Graf Wilhelm Platz area in Solingen ticks a lot of boxes when it comes to town centres. First, it has an attractive bus terminal area (more on this below). It also has a town square, used as a market place for entry-level retailers, in addition to which there is a car-free on-street retail area (Alter Markt), an open mall (Muhlenplatz), and very good enclosed mall (Hofgarten). The city itself is known as the “City of Blades”, and is the centre of the German cutlery industry; about 90% of the German cutlery industry is located in Solingen. The name of the city was protected by law 1938. This makes Solingen the first city in the world to protect its name and products.

Photo from https://mapio.net/pic/p-20271125/

The Graf-Wilhelm-Platz bus transport centre serves 6 trolleybus and 16 standard bus routes, with a good number of these routes overlapping into neighbouring cities, making it very easy to get to. It provides the heartbeat for the centre of Solingen.The traffic passing through the transport centre is on a double road, similar to a train station (but it works without the tracks and synchronized switch points). There is a three-leg roundabout at the southern end, with one leg being a double road, with a cross-over where it connects with the roundabout. Basically this creates an unusual entry/exit to the roundabout, which works. At the Northern end again there is also a cross-over, plus three pedestrian crossings (see drawing below). The magic here is that there are so many conflict points along these bus stop areas/routes, but humans driving and walking in this area can and do adapt to this example of ‘good confusion.’

Now back to the start of this post about this town centre ticking a lot of boxes. Walking through both Alter Markt and Muhlenplatz there were many empty shops. In Muhlenplatz the local art community is trying to full this space with art displays, but it felt like art for the sake of art. Sadly this doesn’t feel like it is revitalising the city centres.

To finish, here is some population data on Solingen. In 2012 the city had 158,908 residents (down from 177,899 in 1971)  and a population density of about 1,800 people per km2. Looking at the local population density near the city centre, in 2015 the Solingen-Mitte district had 41,836 residents in an area of 12.51 km2, giving a density of 3,344 people per km2. This is similar to a number of places in Hamilton, when looking at census unit area data (see link).

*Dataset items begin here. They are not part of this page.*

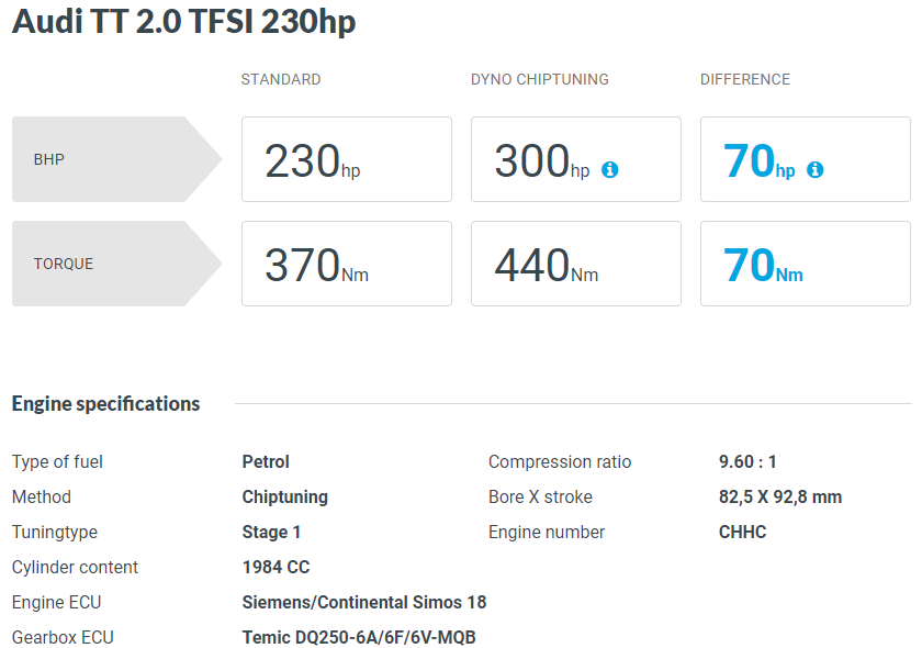 국내 출시 모델은 기본 제원상 220마력에 36토크 입니다. EA888 Evo2 엔진으로 IS20 터빈으로 적당한 출력을 뽑아줄 수 있는 모델이지만, 기존 K03 터빈 대비 리맵으로 인한 출력 향상을 높게 기대할 수 있는 엔진 입니다. 리맵 이후 순정 대비 60마력에 6토크 선으로 성능 향상을 볼 수 있습니다.
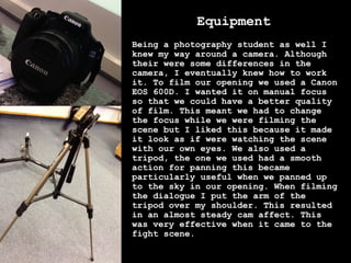 The document details the experiences of a photography student named David Jeffery-Hughes while filming an opening scene using a Canon EOS 600D camera. He learned to utilize manual focus for better quality and employed various techniques, such as using a tripod for smooth panning and overlaying sound from different takes during editing in Premiere Pro. Overall, this experience enhanced his skills in filming and editing, particularly with dialogue and match on action techniques.
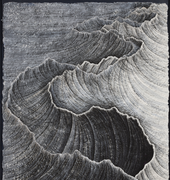 Lee Hyung Joung Born in South Korea and based in Paris, Lee Hyung Joung holds a license in Fine Arts from Sejong University and is trained in goldsmithing. Her work reflects her childhood memories and utilizes traditional Korean materials, specifically Hanji, ink and pigments. Rather than flattening the paper, she allows random embossed designs to appear, using her brush to create rhythmic patterns that emphasize or impede the natural relief of the material without a structured plan.
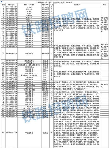 中国铁路上海局集团有限公司根据运输生产工作需要,拟招聘2019年应届全日制普通高等职业院校高职(大专)毕业生,现将具体事项公告如下:
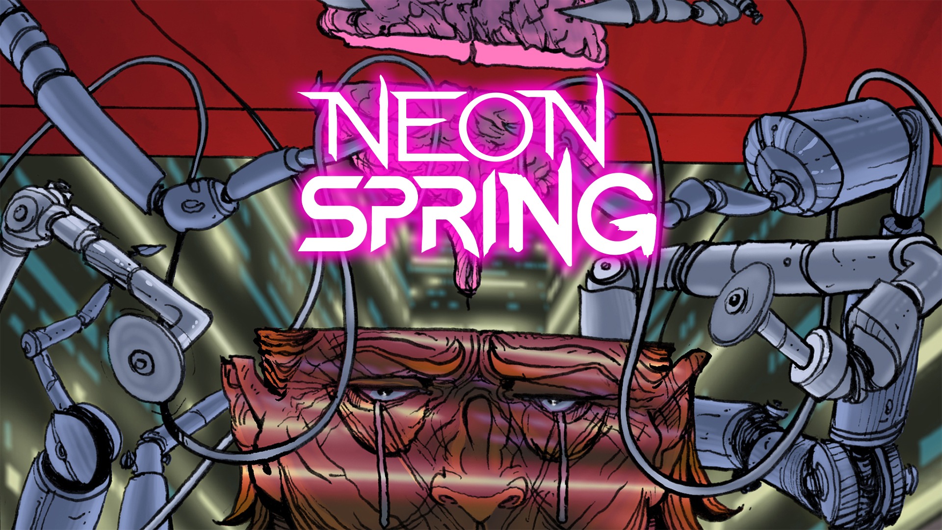 Neon Spring, Issue #0: This Car Neutralizes Douchebags introduces the Skull Squad and Mother, a car fitted with a superintelligent A.I., lobotomizing and extracting brains, only to refit them with a device to control the entire body.
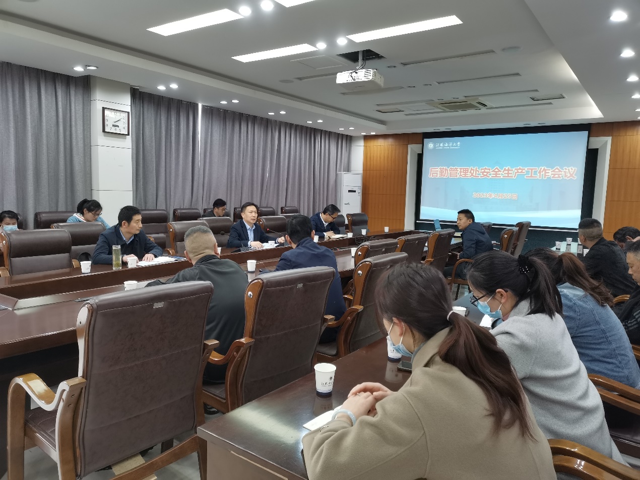 为贯彻落实学校2023年安全稳定工作部署,压实安全生产主体责任,4月24日,后勤管理处在文渊楼会议室召开安全生产工作会议。后勤管理处处长冯源主持会议,全体职工参加了会议。

I only visited this city for a few hours; the Hofgarten mall and transport area was nice and busy, but my visit was too short to understand why other parts of the city were under-performing (Note: rain and cold is normal and does not change the feel of city centres).

 

The problem in Solingen looks short term, most German cities work really well and Solingen should also. This link is good example of what the future looks like for Solingen. Solingen, the City of Blades – Business location for your future

Lunch in Venlo NL

The other week my wife and I stopped for lunch in the city of Venlo, on our way to Wuppertal from Schipol airport. Venlo has a population of just over 101,000 people, with a population density of about 800 people per km2. On leaving the rail station we saw the Venlo bus station, which services 3 bus routes and 8 regional routes (Hamilton has over 20 routes). The station has drive-through berths, allowing bus stops to be located in a compact area, and also can allow buses to wait with their front destination sign facing the direction passengers will arrive from. I like the way the Dutch design tidy and uncluttered areas in a way very few other designers can do.

The city has a reputation for being Green. I did notice the electric bus charging stations, and but sadly I didn’t have time to look into their ‘cradle-to-cradle’ (C2C) principles; in the future I would like to explore this more, but for now here is an introductory explanation

‘The Venlo region was the first in the world to embrace the principles of cradle-to-cradle (C2C). It is a method that minimises the environmental impact of products by employing sustainable production, operation, and disposal practices, so that products can be 100% recyclable and waste can serve as a raw material.’

Dutch cities are nicer than German cities. Venlo being close to the German and being part of the large Verkhrsverbund* Rhein-Ruhr (VRR) ticketing area, it attracts many visitors from there, and on the Wednesday we were there the city streets and squares were pleasantly busy. (*means ‘Transport network’)

What I did make time for was to take a look at Maasboulevard, promoted as ‘the place to meet’. I’ve visited many cities with river promenades; on sunny days these places attract plenty of people coming out to enjoy the open space and to people-watch, which is the reason why they need width. There is also evidence that residential apartments/homes with water views attract a premium, and add eyes on the street when retail has closed or on quiet days when it is not so sunny.

 

The day we visited it was a nice but quiet day on the river promenade, so we had a great lunch where most others were meeting, in the more active old market place.